> **About this task**:
Reproduce exactly the span of lines beginning at the one with "Trotz des widerstandsfähigen" and ending at the last line of the data below, omitting pictures.

(Saved data entries)
== == ==
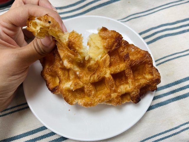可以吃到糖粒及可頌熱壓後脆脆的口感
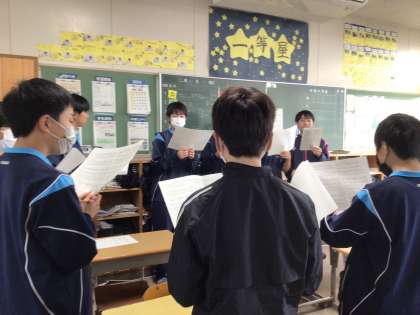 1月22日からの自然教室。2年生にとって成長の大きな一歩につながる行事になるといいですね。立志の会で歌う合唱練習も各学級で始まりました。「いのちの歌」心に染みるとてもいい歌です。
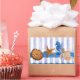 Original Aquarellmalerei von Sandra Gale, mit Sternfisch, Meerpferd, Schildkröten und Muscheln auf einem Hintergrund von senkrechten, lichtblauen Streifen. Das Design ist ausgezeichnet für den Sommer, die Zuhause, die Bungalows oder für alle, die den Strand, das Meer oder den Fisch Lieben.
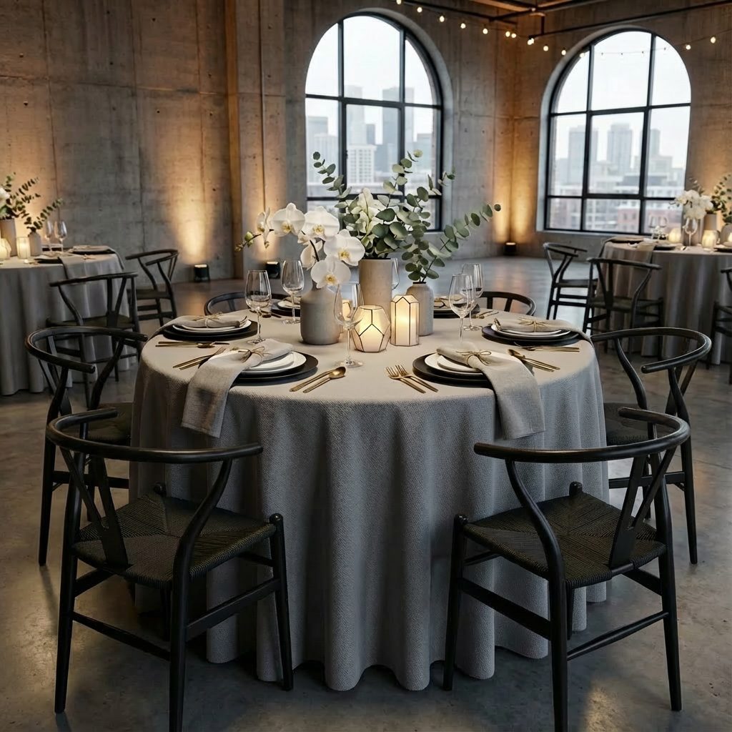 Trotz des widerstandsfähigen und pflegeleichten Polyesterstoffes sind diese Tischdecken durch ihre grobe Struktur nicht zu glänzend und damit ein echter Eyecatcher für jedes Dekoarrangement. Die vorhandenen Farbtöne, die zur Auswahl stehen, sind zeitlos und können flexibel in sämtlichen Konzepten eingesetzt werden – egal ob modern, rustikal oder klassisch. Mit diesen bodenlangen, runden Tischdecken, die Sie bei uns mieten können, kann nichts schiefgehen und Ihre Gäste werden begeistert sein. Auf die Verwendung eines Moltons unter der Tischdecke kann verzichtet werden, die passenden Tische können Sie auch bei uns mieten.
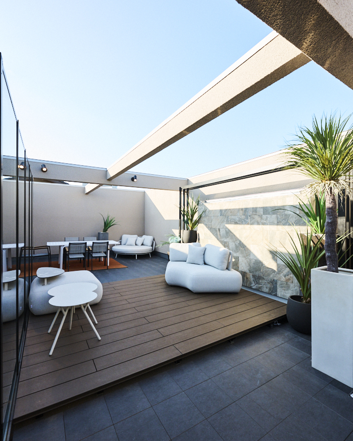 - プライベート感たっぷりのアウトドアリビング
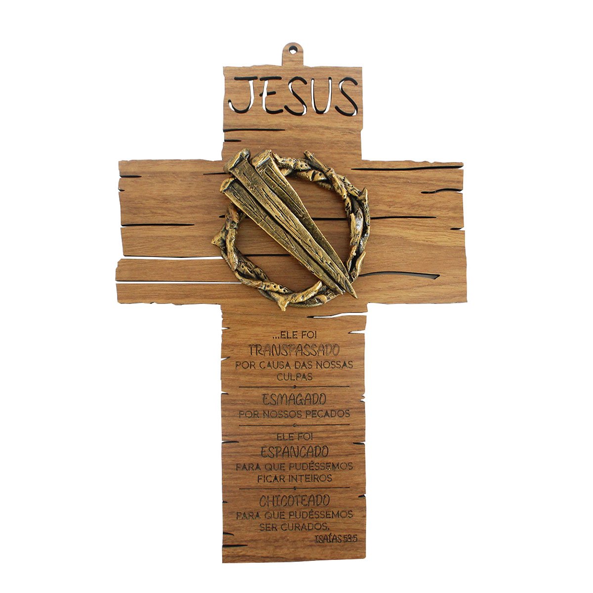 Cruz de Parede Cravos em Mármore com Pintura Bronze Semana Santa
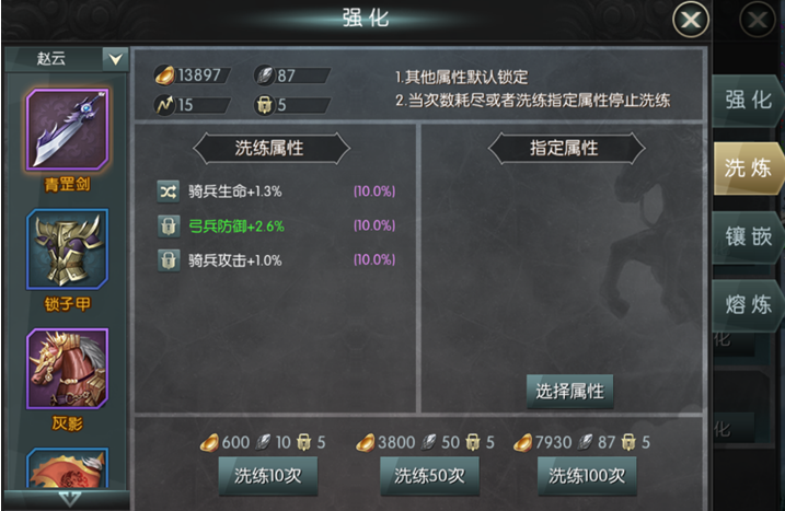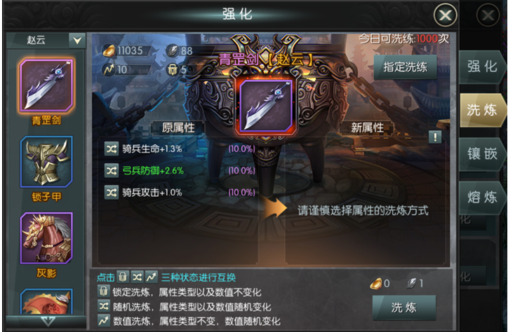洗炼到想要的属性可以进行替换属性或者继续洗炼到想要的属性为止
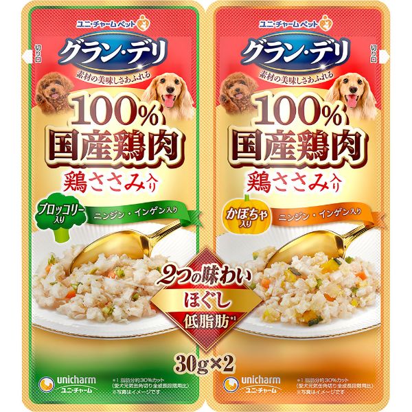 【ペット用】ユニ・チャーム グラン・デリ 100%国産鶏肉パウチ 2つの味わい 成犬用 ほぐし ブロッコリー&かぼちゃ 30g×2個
== == ==
> **Task response**:
 Trotz des widerstandsfähigen und pflegeleichten Polyesterstoffes sind diese Tischdecken durch ihre grobe Struktur nicht zu glänzend und damit ein echter Eyecatcher für jedes Dekoarrangement. Die vorhandenen Farbtöne, die zur Auswahl stehen, sind zeitlos und können flexibel in sämtlichen Konzepten eingesetzt werden – egal ob modern, rustikal oder klassisch. Mit diesen bodenlangen, runden Tischdecken, die Sie bei uns mieten können, kann nichts schiefgehen und Ihre Gäste werden begeistert sein. Auf die Verwendung eines Moltons unter der Tischdecke kann verzichtet werden, die passenden Tische können Sie auch bei uns mieten.
 - プライベート感たっぷりのアウトドアリビング
 Cruz de Parede Cravos em Mármore com Pintura Bronze Semana Santa
洗炼到想要的属性可以进行替换属性或者继续洗炼到想要的属性为止
 【ペット用】ユニ・チャーム グラン・デリ 100%国産鶏肉パウチ 2つの味わい 成犬用 ほぐし ブロッコリー&かぼちゃ 30g×2個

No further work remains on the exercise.